In this paper, we want to create a geometric model of a scanned room. The model must be simple while being powerful enough to explain the scanned point cloud data. As interior rooms are mostly planar, we choose to fit a piecewise planar model to the room. In literature, reconstructing piecewise planar models from building exteriors is a well-studied problem [1, 10, 11]. However, methods such as [11] do not result in a watertight mesh, which is in fact necessary for correct shadow mapping in virtual reality. Furthermore, many of these methods ignore the problem of occlusions and missing regions due to clutter and are therefore not suited for indoor scenes. However, classifying planar patches as either clutter or structural components and simply removing them is not an option. Sometimes the structural components are completely occluded by clutter, so removing these planar patches would result in missing planes making it impossible to reconstruct a closed surface. Therefore we choose not to remove the clutter and adapt the algorithm from [1] to better handle the clutter. The main reason why this algorithm is not directly suited for indoor scenes, is that it assumes that all points belong to a piecewise planar object. However, the indoor scenes also contain clutter, which should be ignored as much as possible. Furthermore, their hypothesis generator was not robust enough for indoor scenes. In the next section we will explain how we adapted this algorithm.

3 Proposed Method

Our proposed method takes as input a point cloud of an entire room, including furniture and other objects and outputs a piecewise planar model of the room. As shown in Fig. 1, first the planar primitives are extracted from the pointcloud. Then, candidate faces are generated. Finally, an optimal subset of candidate faces is selected.

3.1 Plane Extraction

To detect planar primitives in the 3D point cloud, we use the standard RANSAC based shape detection from [12]. As the computational cost of the algorithm is relatively high for large point clouds, we first downsample the input cloud using a voxelgrid filter at a resolution of 5 cm. The result from this RANSAC based shape detection is a set of planar patches \(P=\{p_i\}\). Each patch \(p_i\) consists of a set of points which lie within a distance \(\epsilon \) from the best fit plane through these points.

One of the most common problems in indoor scene reconstruction from planar patches is that some of the boundary walls are undetected due the presence of clutter, door openings etc. Part of this problem can be alleviated by adding the planes from the bounding box around the point cloud to the set of planar patches. The bounding box planes are defined as the front, back, top, bottom left and right side of the bounding box. If we cannot find a plane that is close to the bounding box plane, the latter is added to the set of detected planes. By adding these planes to the set, we can ensure that it is always possible to at least generate a watertight mesh.
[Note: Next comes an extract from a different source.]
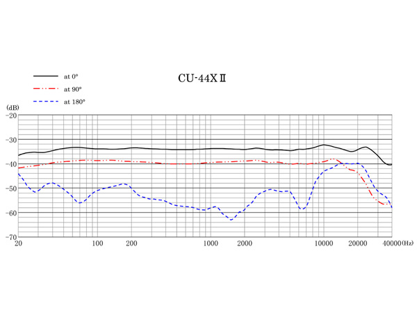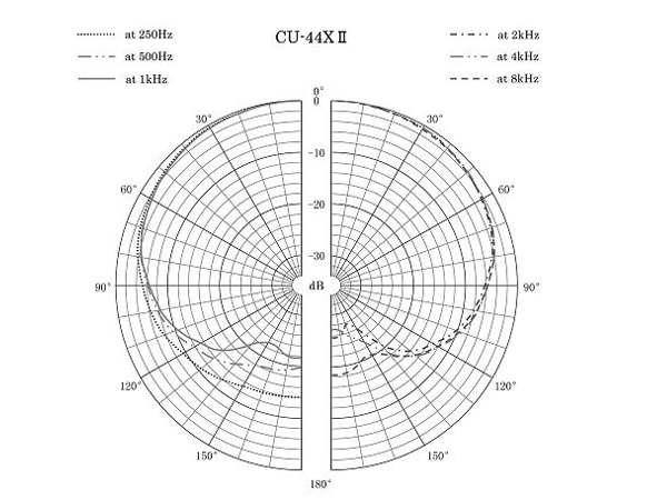 ◆ 理想的な単一指向性のポーラパターンを広い周波数帯域で実現。マイク正面に対し、0度、60度、90度、130度での周波数特性は全帯域にわたってフラットで、感度だけが単一指向性特性に沿って滑らかに減衰していきます。このため直接音はもとより、反射音までが忠実に収音できます。

To check if a plane is close to a bounding box plane, we use the algorithm proposed in [10]. First we compute the angles between the detected planes and the bounding box planes. Then, starting from the plane with the smallest angle, we test if two conditions are met. On the one hand, the angle between the planes must be lower than some threshold \(\theta _t\). On the other hand, more than a specified number of points \(n_t\) must lie on the bounding box plane. If these two conditions are met we identify the detected plane as the corresponding bounding box plane. If not, we add the bounding box plane to the set. In our experiments we chose \(\theta _t = 10^{\circ }\) and \(n_t = 20\% |p_i|\) where \(|p_i|\) denotes the number of inliers of the planar patch \(p_i\).
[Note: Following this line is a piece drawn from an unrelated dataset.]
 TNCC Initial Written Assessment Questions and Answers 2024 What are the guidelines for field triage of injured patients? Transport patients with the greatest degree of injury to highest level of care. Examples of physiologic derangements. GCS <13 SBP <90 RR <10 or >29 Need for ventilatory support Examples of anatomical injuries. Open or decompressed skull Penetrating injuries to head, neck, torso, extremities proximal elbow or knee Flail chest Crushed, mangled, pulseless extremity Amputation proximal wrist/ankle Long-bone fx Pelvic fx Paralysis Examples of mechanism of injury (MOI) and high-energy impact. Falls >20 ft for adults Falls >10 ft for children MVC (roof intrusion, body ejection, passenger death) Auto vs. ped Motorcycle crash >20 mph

3.2 Candidate Face Generation

As explained by Nan et al., the hypothesis generator of [1] might introduce degenerate faces due to the limit of floating point precision. A face is called degenerate when one or more of its edges is no longer connected to an adjacent face. This degeneracy usually makes the manifold and watertight constraints impossible to be satisfied. When applying their hypothesis generator on our indoor scenes it became apparent that this is indeed a problem. Therefore, we implemented a new hypothesis generator that is able to cope with the limitations of floating point precision and does not suffer from these degeneracies.
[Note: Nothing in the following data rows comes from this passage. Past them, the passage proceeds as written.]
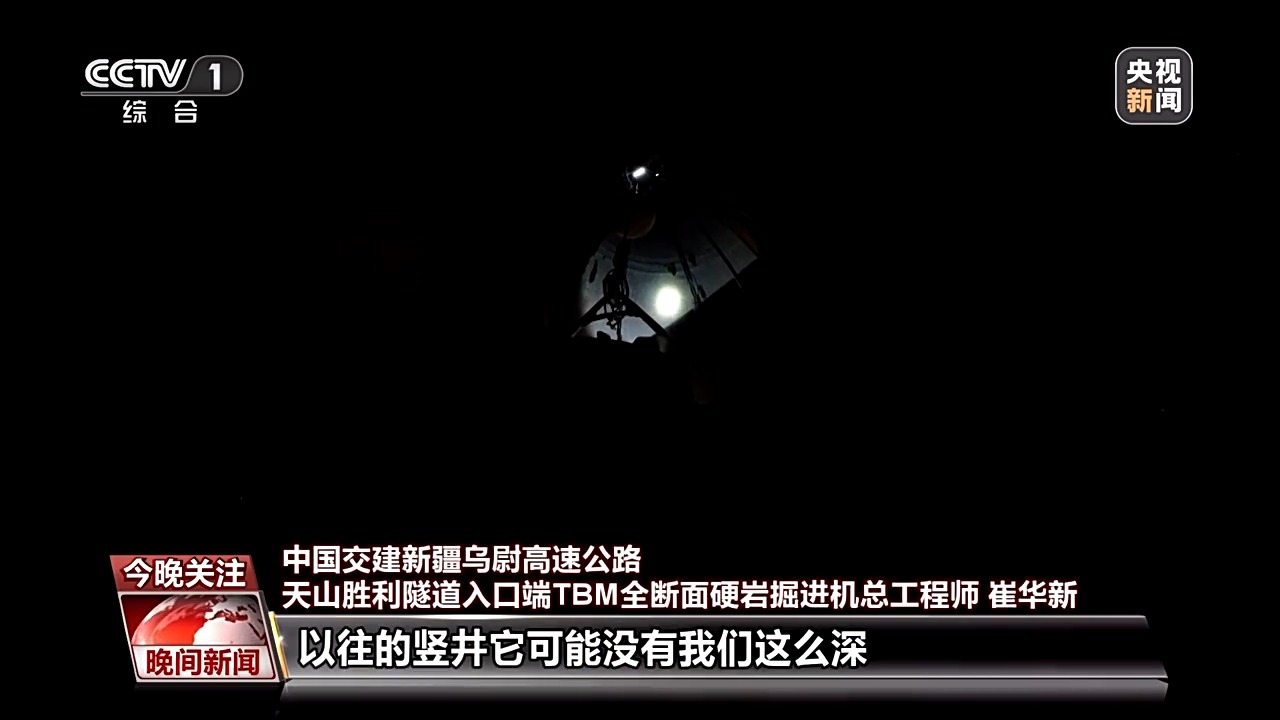中國(guó)交建新疆烏尉高速公路天山勝利隧道入口端TBM全斷面硬巖掘進(jìn)機(jī)總工程師 崔華新:現(xiàn)在我們所處的位置,是我們豎向掘進(jìn)機(jī)開挖完成之后,我們豎井的最后一道工序也就是二襯。隨著我們的施工進(jìn)度不斷提高,我們經(jīng)歷黑暗的時(shí)間也是越來越短的。
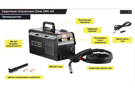 Сварочный полуавтомат Zitrek ZWS-165, MIG без газа, 165А Напряжение/Частота: 230В/50-60Гц Регулировка выходного напряжения: 16,5-21В Мощность: 3600Вт
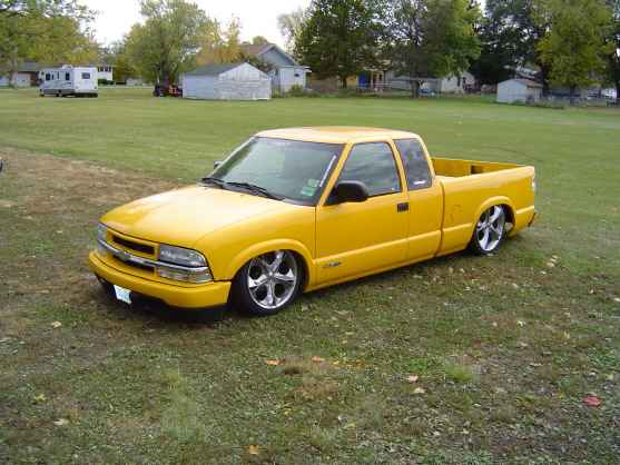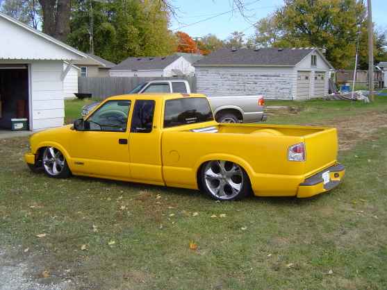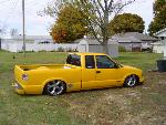 stock s-10 yellow (have my renders done for graphics though)wings west air damn ,shaved tail gate handle ,shaved gas door ,molded steel rollpan ,lexan rear window
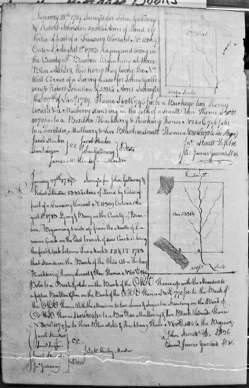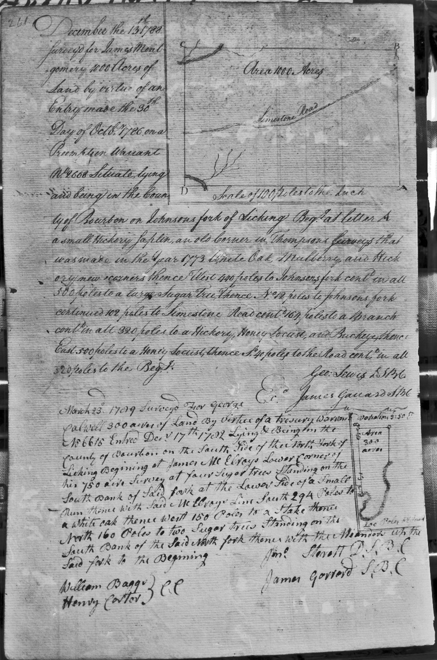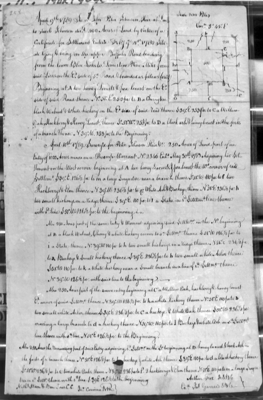 On Johnsons Fork of Licking, bounded by an old corner in Thompson's 1773 survey, Johnson's fork, and the Limestone Road.
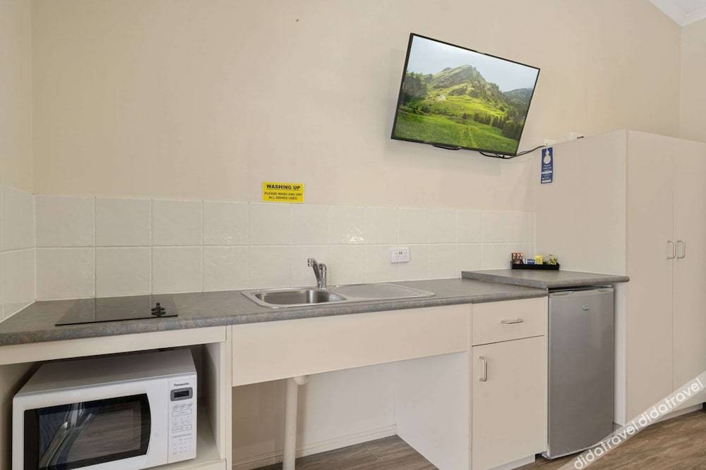 Features a kitchenette area with hotplate, microwave and refrigerator.

From the previous step, we were able to identify each of our bounding box planes. These planes are used to build an initial polyhedron. As this polyhedron is always convex, the subsequent slicing of the polyhedron with the detected planes will again result in convex polyhedrons. To dynamically slice a convex polyhedron, we make use of the Sutherland-Hodgman clipping routine [13]. This routine is quite simple and very efficient. Furthermore, it can be extended to account for numerical robustness (see Fig. 3).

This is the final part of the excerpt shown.